I'm not sure I think its a bad practice. What you want to do is make sure that the exception and the current state of the program when it crashes ends up in the hands of a developer, preferably logged with date, time and the user who was working with it. Basically - you want to make sure that your team has all the information they need to debug the problem, regardless of whether or not the user goes to them about the crash. Remember that many users will not, in fact, contact support if they get a crash.
The bad practice here would be catching the exception, showing a simple "Error" dialog box, and closing the application. In that case, the state of that exception is lost forever.
From a debugging standpoint, this can make life more difficult, as it makes every exception a user handled exception. This changes the debugger's behavior, unless you break on unhandled exceptions, which potentially has other issues.
That being said, I think this is a good practice at release time. In addition, I recommend listening on the AppDomain.UnhandledException and the Application.ThreadException events, as well. This will let you trap even more exceptions (such as some system exceptions that will not be caught in your "global" handler above).
That allows you to log the errors and provide the user with a good, clean message.
Change it to this and it's fine
catch(Exception ex)
{
YourLoggingSystem.LogException(ex);
}
Of course, this line should NEVER be hit as you'll have other exception handlers throughout your code catching things with much more context.
Top-level exception handling is pretty essential, but I'd recommend using:
Application.ThreadException += new ThreadExceptionEventHandler(YourExceptionHandlingMethod);
However, this will only catch exceptions on the GUI thread (much like your try..catch block) - you should use similar code for each new thread you start to handle any unexpected exceptions from them.
More about it here.
You've got the catch-all exception there which will trap everything. So if you've got any unhandled exceptions in you code you'll never see them.
On the positive side, your application will never crash!
If this is required behaviour then you'll need to have sufficient logging and reporting to let both the user and you, as developer, know what's happened and recover or exit as gracefully as possible.
I'm not saying it's bad practice, the only thing I would do different though is use the built in event for that:
Application.ThreadException += new System.Threading.ThreadExceptionEventHandler(Application_ThreadException);
static void Application_ThreadException(object sender, System.Threading.ThreadExceptionEventArgs e)
{
MessageBox.Show(e.Exception.Message); //or do whatever...
}
I think this is discouraged because exceptions are caught only once and there may be multiple things, like background threads, that need to know if a process throws.
Is this a WinForms app? Forms.Application.Run raises events whenever a thread throws an unhandled exception. The MSDN docs try to explain this, but the handler they show doesn't work! Read the updated example from the WinForms UE site.
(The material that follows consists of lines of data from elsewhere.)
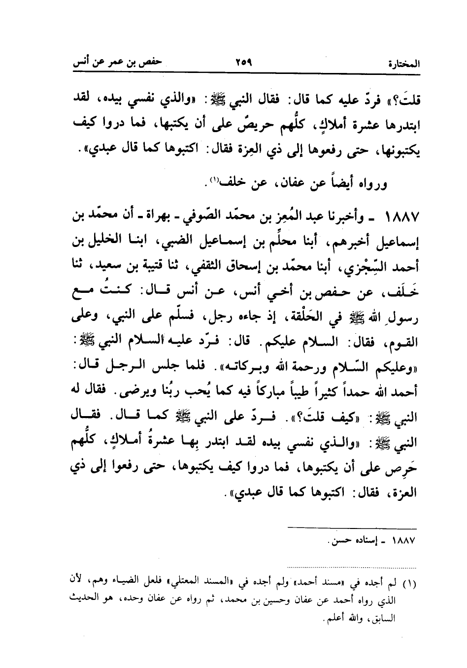 1887 - وَأَخْبَرَنَا عَبْدُ الْمُعِزِّ بْنُ مُحَمَّدٍ الصُّوفِيُّ بِهَرَاةَ أَن مُحَمَّد بن إِسْمَاعِيل أَخْبَرَهُمْ أبنا محْلَمُ بْنُ إِسْمَاعِيلَ الضَّبِّيُّ أبنا الْخَلِيلُ بْنُ أَحْمَدَ الْسِجْزِيُّ أبنا مُحَمَّدُ بْنُ إِسْحَاقَ الثَّقَفِيُّ ثَنَا قُتَيْبَةُ بْنُ سَعِيدٍ ثَنَا خلف عَن حَفْص بن أَخِي أَنَسٍ عَنْ أَنَسٍ قَالَ كُنْتُ مَعَ رَسُولَ اللَّهِ صَلَّى اللَّهُ عَلَيْهِ وَسَلَّمَ فِي الْحَلْقَةِ إِذْ جَاءَهُ رَجُلٌ فَسَلَّمَ عَلَى النَّبِيِّ وَعَلَى الْقَوْمِ فَقَالَ السَّلامُ عَلَيْكُمْ قَالَ فَرَدَّ عَلَيْهِ السَّلامَ النَّبِيُّ صَلَّى اللَّهُ عَلَيْهِ وَسَلَّمَ وَعَلَيْكُمُ السَّلامُ وَرَحْمَةُ اللَّهِ وَبَرَكَاتُهُ فَلَمَّا جَلَسَ الرَّجُلُ قَالَ أَحْمَدُ اللَّهَ حَمْدًا كَثِيرًا طَيِّبًا مُبَارَكًا فِيهِ كَمَا يُحِبُّ رَبُّنَا وَيَرْضَى فَقَالَ لَهُ النَّبِيُّ صَلَّى اللَّهُ عَلَيْهِ وَسَلَّمَ كَيْفَ قُلْتَ فَرَدَّ عَلَى النَّبِيِّ صَلَّى اللَّهُ عَلَيْهِ وَسَلَّمَ كَمَا قَالَ فَقَالَ النَّبِيُّ صَلَّى اللَّهُ عَلَيْهِ وَسَلَّمَ وَالَّذِي نَفْسِي بِيَدِهِ لَقَدِ ابْتَدَرَ بِهَا عَشَرَةُ أَمْلاكٍ كُلُّهُمْ حَرَصَ عَلَى أَنْ يكتوبها فَمَا دَرُوا كَيْفَ يَكْتُبُوهَا حَتَّى رَفَعُوا إِلَى ذِي الْعِزَّةِ فَقَالَ اكْتُبُوهَا كَمَا قَالَ عَبْدِي
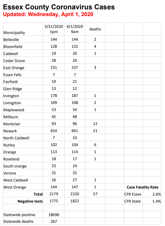 ESSEX COUNTY, NJ — Essex County has seen 57 deaths linked to the new coronavirus as of Wednesday morning, officials said.
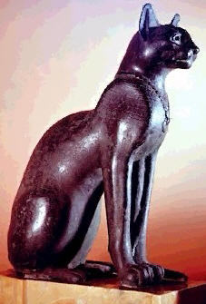 يمثل هذا التمثال الصغير باستت ( المتحف المصرى ) ، ربة المرح، نموذجا للتماثيل البرونزية التى كانت توضع فى معبد بوباسطة كقرابين نذرية.
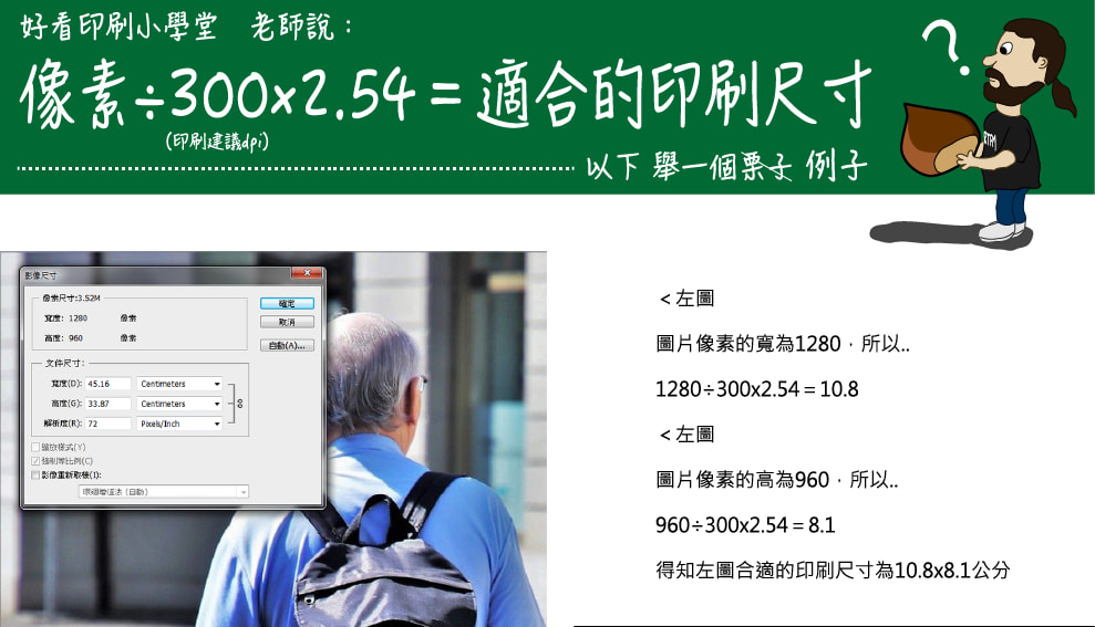 我們只要將圖片的像素的寬及高分別除以300dpi,便可得到圖片英寸的印刷尺寸,

If your program tries to keep running despite a catch-all catching who-knows-what kind of violation of assumptions down below, it's in a danger zone for things like remote exploitation of security flaws (buffer overflows, heap corruption). Putting it in a loop and continuing to run is a big red flag for software quality.
Getting out as quickly as possible is the best, e.g. exit(1). Log and exit is good though slightly riskier.
Don't believe me? The Mitre Common Weakness Enumeration (CWE) agrees. Closely related is its advice against catching NULL pointer dereferencing in this way.